Cabinet of Ryutaro Hashimoto from September 11, 1997, to July 30, 1998
| Portfolio | Minister |  |  | Term of office |
| Prime Minister |  | Ryutaro Hashimoto | R | January 11, 1996 - July 30, 1998 |
| Minister of Justice |  | Kokichi Shimoinaba | C | September 11, 1997 - July 30, 1998 |
| Minister of Foreign Affairs |  | Keizō Obuchi | R | September 11, 1997 - July 30, 1998 |
| Minister of Finance |  | Hiroshi Mitsuzuka | R | November 7, 1996 - January 28, 1998 |
|  | Hikaru Matsunaga | R | January 30, 1998 - July 30, 1998 |
| Minister of Education |  | Nobutaka Machimura | R | September 11, 1997 - July 30, 1998 |
| Minister of Health and Welfare |  | Junichiro Koizumi | R | November 7, 1996 - July 30, 1998 |
| Minister of Agriculture, Forestry and Fisheries |  | Ihei Ochi | R | September 11, 1997 - September 25, 1997 |
|  | Yoshinobu Shimamura | R | September 26, 1997 - July 30, 1998 |
| Minister of International Trade and Industry |  | Mitsuo Horiuchi | R | September 11, 1997 - July 30, 1998 |
| Minister of Transport |  | Takao Fujii | R | September 11, 1997 - July 30, 1998 |
| Minister of Posts and Telecommunications |  | Shozaburo Jimi | R | September 11, 1997 - July 30, 1998 |
| Minister of Labour |  | Bunmei Ibuki | R | September 11, 1997 - July 30, 1998 |
| Minister of Construction |  | Tsutomu Kawara | R | September 11, 1997 - July 30, 1998 |
| Minister of Home Affairs Director of the National Public Safety Commission |  | Mitsuhiro Uesugi | C | September 11, 1997 - July 30, 1998 |
| Chief Cabinet Secretary |  | Kanezo Muraoka | R | September 11, 1997 - July 30, 1998 |
| Director of the Management and Coordination Agency |  | Koko Sato | R | September 11, 1997 - September 22, 1997 |
|  | Sadatoshi Ozato | R | September 22, 1997 - July 30, 1998 |
| Director of the Hokkaido Development Agency Director of the Okinawa Development Agency |  | Muneo Suzuki | R | September 11, 1997 - July 30, 1998 |
| Director of the Japan Defense Agency |  | Fumio Kyūma | R | November 7, 1996 - July 30, 1998 |
| Director of the Economic Planning Agency |  | Kōji Omi | R | September 11, 1997 - July 30, 1998 |
| Director of the Science and Technology Agency |  | Sadakazu Tanigaki | R | September 11, 1997 - July 30, 1998 |
| Director of the Environment Agency |  | Hiroshi Oki | C | September 11, 1997 - July 30, 1998 |
| Director of the National Land Agency |  | Hisaoki Kamei | R | September 11, 1997 - July 30, 1998 |

==== Changes ====
- September 22, 1997 - Director of the Management and Co-Ordination Agency, Koko Sato resigned due to criticism of a previous conviction for bribery in connection with the Lockheed Scandal and was replaced by Sadatoshi Ozato.

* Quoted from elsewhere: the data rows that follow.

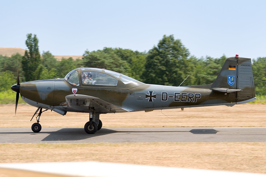 During the Fly-In, many historical aircraft were on display, both on the ground and in the air, as two F-16s soars through the air on Sunday afternoon, and a T-28 Trojan, Pilatus PC-7 and PC-12. We flew to Zwartberg Together with the Seagull formation with their Focke Wulf Piaggio 149-D's
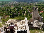 Innen már látszott a következő úti célunk, a Csókakői-vár. A buszhoz visszaereszkedtünk a lefelé már meredekebbnek tűnő domboldalon, majd lépcsőn és továbbutaztunk busszal a vár alatti parkolóig. Itt, aki akart, még egy erőpróbát téve felkaptathatott a település fölé magasodó, erdők övezte várhoz. A dombtetőre felérve némi meglepetéssel vettük észre a várbejáratnál 200 Ft-os belépőt szedő urat – holott mi úgy tudtuk, olvastuk az interneten, hogy a vár ingyen látogatható. Ezen túlmenően még a Csókakői Várbarátok Köre a vár további feltárását segítő adománygyűjtő perselyt is elhelyezett.
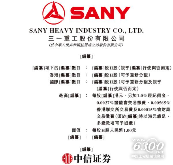 03 三一重工向港交所提交上市申请书,冲击A+H

- September 27, 1997 - Agriculture Minister Ihei Ochi resigned after suffering a stroke and was replaced with Yoshinobu Shimamura.
- January 28, 1998 - Finance Minister Hiroshi Mitsuzuka resigned to take responsibility for departmental corruption and was replaced with Hikaru Matsunaga.